In your statement you assert that our actions, even though peaceful, must be condemned because they precipitate violence. But is this a logical assertion? Isn’t this like condemning a robbed man because his possession of money precipitated the evil act of robbery? Isn’t this like condemning Socrates because his unswerving commitment to truth and his philosophical inquiries precipitated the act by the misguided populace in which they made him drink hemlock? Isn’t this like condemning Jesus because his unique God consciousness and never ceasing devotion to God’s will precipitated the evil act of crucifixion? We must come to see that, as the federal courts have consistently affirmed, it is wrong to urge an individual to cease his efforts to gain his basic constitutional rights because the quest may precipitate violence. Society must protect the robbed and punish the robber. I had also hoped that the white moderate would reject the myth concerning time in relation to the struggle for freedom. I have just received a letter from a white brother in Texas. He writes: “All Christians know that the colored people will receive equal rights eventually, but it is possible that you are in too great a religious hurry. It has taken Christianity almost two thousand years to accomplish what it has. The teachings of Christ take time to come to earth.” Such an attitude stems from a tragic misconception of time, from the strangely irrational notion that there is something in the very flow of time that will inevitably cure all ills. Actually, time itself is neutral; it can be used either destructively or constructively. More and more I feel that the people of ill will have used time much more effectively than have the people of good will. We will have to repent in this generation not merely for the hateful words and actions of the bad people but for the appalling silence of the good people. Human progress never rolls in on wheels of inevitability; it comes through the tireless efforts of men willing to be co workers with God, and without this hard work, time itself becomes an ally of the forces of social stagnation. We must use time creatively, in the knowledge that the time is always ripe to do right. Now is the time to make real the promise of democracy and transform our pending national elegy into a creative psalm of brotherhood. Now is the time to lift our national policy from the quicksand of racial injustice to the solid rock of human dignity.

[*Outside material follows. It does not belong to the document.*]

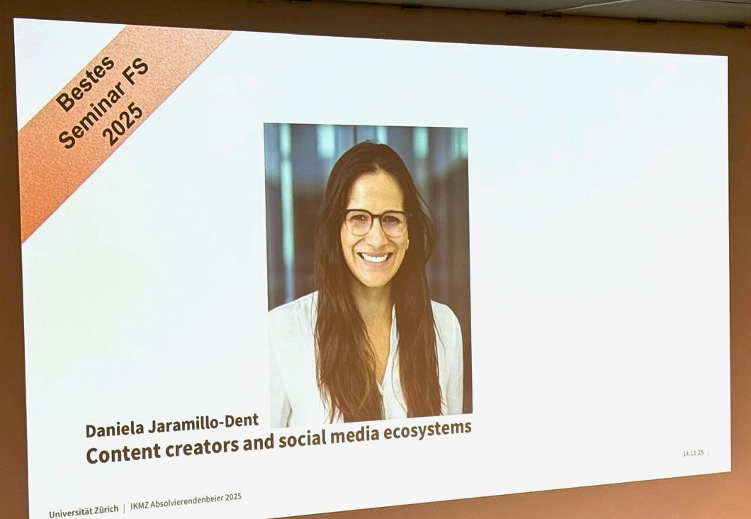 Our team member Daniela Jaramillo-Dent was honored last Friday with the Best Seminar Award by the Department of Communication and Media Research (IKMZ) at the University of Zurich.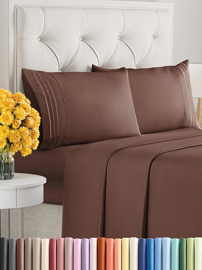 Queen Size 4 Piece Sheet Set - Comfy Breathable & Cooling Sheets - Hotel Luxury Bed Sheets for Women & Men - Deep Pockets, Easy-Fit, Extra Soft & Wrinkle Free Sheets - Brown Oeko-Tex Bed Sheet Set

You speak of our activity in Birmingham as extreme. At first I was rather disappointed that fellow clergymen would see my nonviolent efforts as those of an extremist. I began thinking about the fact that I stand in the middle of two opposing forces in the Negro community. One is a force of complacency, made up in part of Negroes who, as a result of long years of oppression, are so drained of self respect and a sense of “somebodiness” that they have adjusted to segregation; and in part of a few middle-class Negroes who, because of a degree of academic and economic security and because in some ways they profit by segregation, have become insensitive to the problems of the masses. The other force is one of bitterness and hatred, and it comes perilously close to advocating violence. It is expressed in the various black nationalist groups that are springing up across the nation, the largest and best known being Elijah Muhammad’s Muslim movement. Nourished by the Negro’s frustration over the continued existence of racial discrimination, this movement is made up of people who have lost faith in America, who have absolutely repudiated Christianity, and who have concluded that the white man is an incorrigible “devil.”

I have tried to stand between these two forces, saying that we need emulate neither the “do nothingism” of the complacent nor the hatred and despair of the black nationalist. For there is the more excellent way of love and nonviolent protest. I am grateful to God that, through the influence of the Negro church, the way of nonviolence became an integral part of our struggle. If this philosophy had not emerged, by now many streets of the South would, I am convinced, be flowing with blood. And I am further convinced that if our white brothers dismiss as “rabble rousers” and “outside agitators” those of us who employ nonviolent direct action, and if they refuse to support our nonviolent efforts, millions of Negroes will, out of frustration and despair, seek solace and security in black nationalist ideologies–a development that would inevitably lead to a frightening racial nightmare.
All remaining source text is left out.